[Stored items]
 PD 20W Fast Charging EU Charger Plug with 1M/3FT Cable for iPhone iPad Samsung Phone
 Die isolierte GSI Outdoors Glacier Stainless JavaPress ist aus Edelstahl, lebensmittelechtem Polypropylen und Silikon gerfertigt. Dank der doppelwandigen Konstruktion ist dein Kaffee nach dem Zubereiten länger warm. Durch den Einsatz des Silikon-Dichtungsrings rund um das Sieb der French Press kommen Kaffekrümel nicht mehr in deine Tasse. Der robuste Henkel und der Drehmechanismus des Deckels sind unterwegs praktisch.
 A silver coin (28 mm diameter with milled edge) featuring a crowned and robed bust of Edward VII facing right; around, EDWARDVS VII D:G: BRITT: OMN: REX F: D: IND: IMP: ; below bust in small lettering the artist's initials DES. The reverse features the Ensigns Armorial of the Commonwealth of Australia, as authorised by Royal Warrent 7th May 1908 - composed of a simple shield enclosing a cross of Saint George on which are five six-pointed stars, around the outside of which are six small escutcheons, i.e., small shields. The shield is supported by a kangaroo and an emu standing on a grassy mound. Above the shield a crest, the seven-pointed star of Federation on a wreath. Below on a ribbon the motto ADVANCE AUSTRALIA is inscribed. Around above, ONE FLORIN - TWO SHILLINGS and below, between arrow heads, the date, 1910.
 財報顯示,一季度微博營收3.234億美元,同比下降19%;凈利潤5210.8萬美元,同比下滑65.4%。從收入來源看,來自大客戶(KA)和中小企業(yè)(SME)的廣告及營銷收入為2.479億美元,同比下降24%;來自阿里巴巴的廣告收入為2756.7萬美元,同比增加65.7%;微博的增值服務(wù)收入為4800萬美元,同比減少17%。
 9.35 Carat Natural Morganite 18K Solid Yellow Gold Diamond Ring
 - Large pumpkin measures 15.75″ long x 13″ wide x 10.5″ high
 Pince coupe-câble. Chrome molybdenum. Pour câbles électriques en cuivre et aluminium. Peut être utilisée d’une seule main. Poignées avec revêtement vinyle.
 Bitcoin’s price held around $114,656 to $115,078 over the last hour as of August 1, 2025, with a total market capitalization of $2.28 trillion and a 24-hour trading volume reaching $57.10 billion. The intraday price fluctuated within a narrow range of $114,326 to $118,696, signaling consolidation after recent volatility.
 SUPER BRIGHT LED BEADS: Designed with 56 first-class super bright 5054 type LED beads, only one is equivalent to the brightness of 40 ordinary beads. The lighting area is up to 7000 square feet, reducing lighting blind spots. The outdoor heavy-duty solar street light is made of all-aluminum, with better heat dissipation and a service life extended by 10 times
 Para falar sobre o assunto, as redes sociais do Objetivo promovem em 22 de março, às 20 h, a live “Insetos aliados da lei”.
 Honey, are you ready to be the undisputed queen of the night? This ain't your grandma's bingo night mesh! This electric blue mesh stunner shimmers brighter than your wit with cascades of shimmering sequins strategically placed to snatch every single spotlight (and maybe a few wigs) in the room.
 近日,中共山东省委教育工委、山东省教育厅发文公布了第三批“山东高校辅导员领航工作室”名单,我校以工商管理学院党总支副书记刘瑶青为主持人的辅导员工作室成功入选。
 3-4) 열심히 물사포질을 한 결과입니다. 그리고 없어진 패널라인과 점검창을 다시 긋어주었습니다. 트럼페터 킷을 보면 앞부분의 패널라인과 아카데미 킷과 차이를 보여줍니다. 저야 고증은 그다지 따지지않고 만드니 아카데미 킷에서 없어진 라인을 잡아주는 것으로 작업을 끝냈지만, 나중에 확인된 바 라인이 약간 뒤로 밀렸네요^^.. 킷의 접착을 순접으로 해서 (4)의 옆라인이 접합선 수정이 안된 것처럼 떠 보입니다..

◆ Work required
Above are the records; please copy exactly their first line and each line after it through the line containing "Die isolierte GSI", and no line after that.

◆ Solution for this problem
 PD 20W Fast Charging EU Charger Plug with 1M/3FT Cable for iPhone iPad Samsung Phone
 Die isolierte GSI Outdoors Glacier Stainless JavaPress ist aus Edelstahl, lebensmittelechtem Polypropylen und Silikon gerfertigt. Dank der doppelwandigen Konstruktion ist dein Kaffee nach dem Zubereiten länger warm. Durch den Einsatz des Silikon-Dichtungsrings rund um das Sieb der French Press kommen Kaffekrümel nicht mehr in deine Tasse. Der robuste Henkel und der Drehmechanismus des Deckels sind unterwegs praktisch.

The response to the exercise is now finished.